Task objective:
Only the lines below from the one with "air shipping from" through the one with "Apparently only used" are to be written out, exactly and without any images.

Data to process:
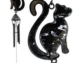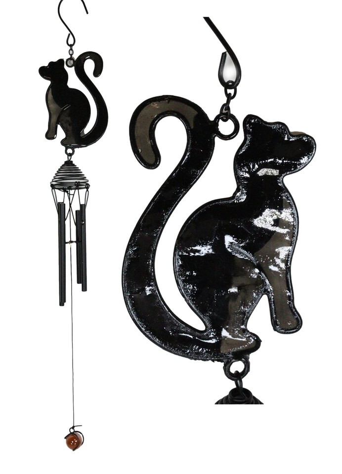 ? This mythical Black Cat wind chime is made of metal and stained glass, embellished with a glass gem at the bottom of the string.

...

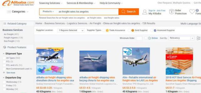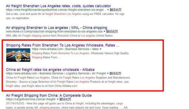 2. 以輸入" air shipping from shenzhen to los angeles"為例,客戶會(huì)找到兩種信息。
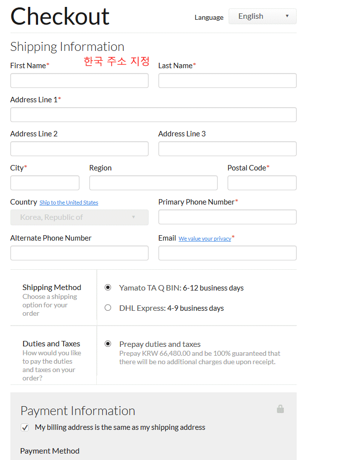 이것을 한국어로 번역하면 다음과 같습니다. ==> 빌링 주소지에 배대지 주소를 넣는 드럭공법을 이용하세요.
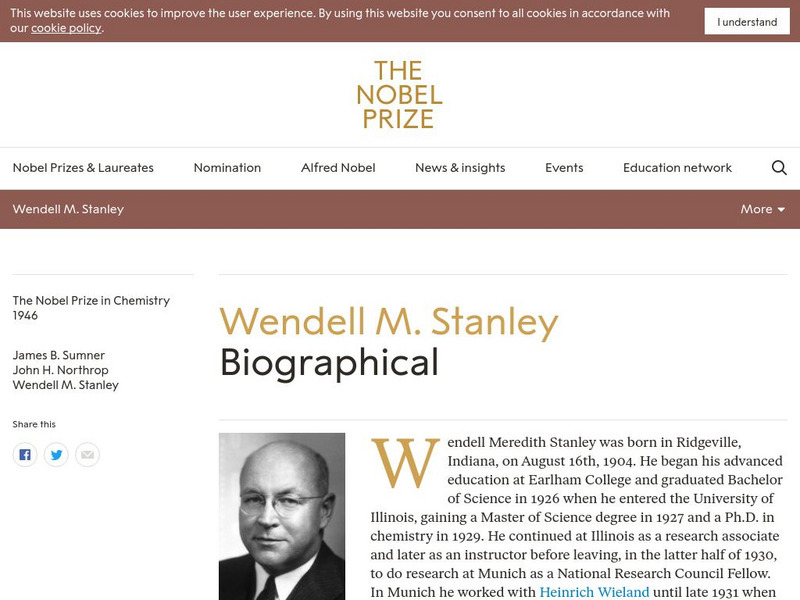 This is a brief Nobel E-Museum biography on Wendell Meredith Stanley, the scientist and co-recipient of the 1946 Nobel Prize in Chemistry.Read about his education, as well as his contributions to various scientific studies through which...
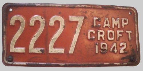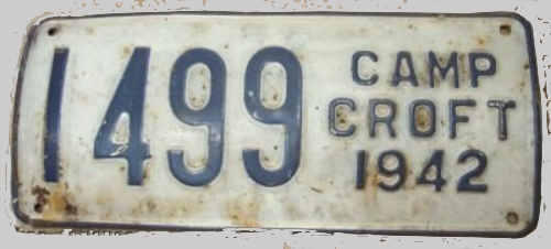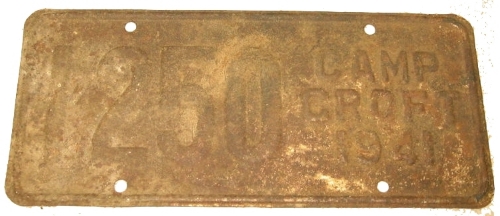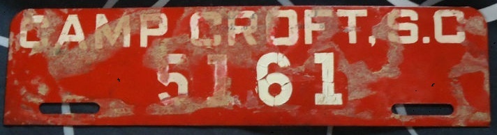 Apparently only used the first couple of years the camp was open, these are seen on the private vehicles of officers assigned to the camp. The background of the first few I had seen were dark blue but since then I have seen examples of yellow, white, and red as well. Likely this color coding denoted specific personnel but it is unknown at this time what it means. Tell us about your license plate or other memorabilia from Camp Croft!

...

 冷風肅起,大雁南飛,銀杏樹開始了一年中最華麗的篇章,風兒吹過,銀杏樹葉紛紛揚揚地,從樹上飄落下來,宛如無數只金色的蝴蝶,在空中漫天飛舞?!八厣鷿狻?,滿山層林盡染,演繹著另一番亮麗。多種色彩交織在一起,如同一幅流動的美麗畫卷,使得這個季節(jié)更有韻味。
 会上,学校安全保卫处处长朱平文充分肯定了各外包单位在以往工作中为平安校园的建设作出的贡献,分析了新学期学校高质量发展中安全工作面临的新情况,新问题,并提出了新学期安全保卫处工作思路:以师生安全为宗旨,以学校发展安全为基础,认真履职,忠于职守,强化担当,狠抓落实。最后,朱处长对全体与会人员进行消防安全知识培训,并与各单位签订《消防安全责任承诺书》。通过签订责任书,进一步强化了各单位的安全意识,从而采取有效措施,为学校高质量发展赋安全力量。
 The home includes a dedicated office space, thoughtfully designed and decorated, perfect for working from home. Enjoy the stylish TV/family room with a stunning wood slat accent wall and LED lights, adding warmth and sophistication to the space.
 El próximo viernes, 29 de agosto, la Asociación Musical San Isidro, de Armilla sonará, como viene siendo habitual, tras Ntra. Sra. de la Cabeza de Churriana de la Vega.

Worked solution:
 2. 以輸入" air shipping from shenzhen to los angeles"為例,客戶會(huì)找到兩種信息。
 이것을 한국어로 번역하면 다음과 같습니다. ==> 빌링 주소지에 배대지 주소를 넣는 드럭공법을 이용하세요.
 This is a brief Nobel E-Museum biography on Wendell Meredith Stanley, the scientist and co-recipient of the 1946 Nobel Prize in Chemistry.Read about his education, as well as his contributions to various scientific studies through which...
 Apparently only used the first couple of years the camp was open, these are seen on the private vehicles of officers assigned to the camp. The background of the first few I had seen were dark blue but since then I have seen examples of yellow, white, and red as well. Likely this color coding denoted specific personnel but it is unknown at this time what it means. Tell us about your license plate or other memorabilia from Camp Croft!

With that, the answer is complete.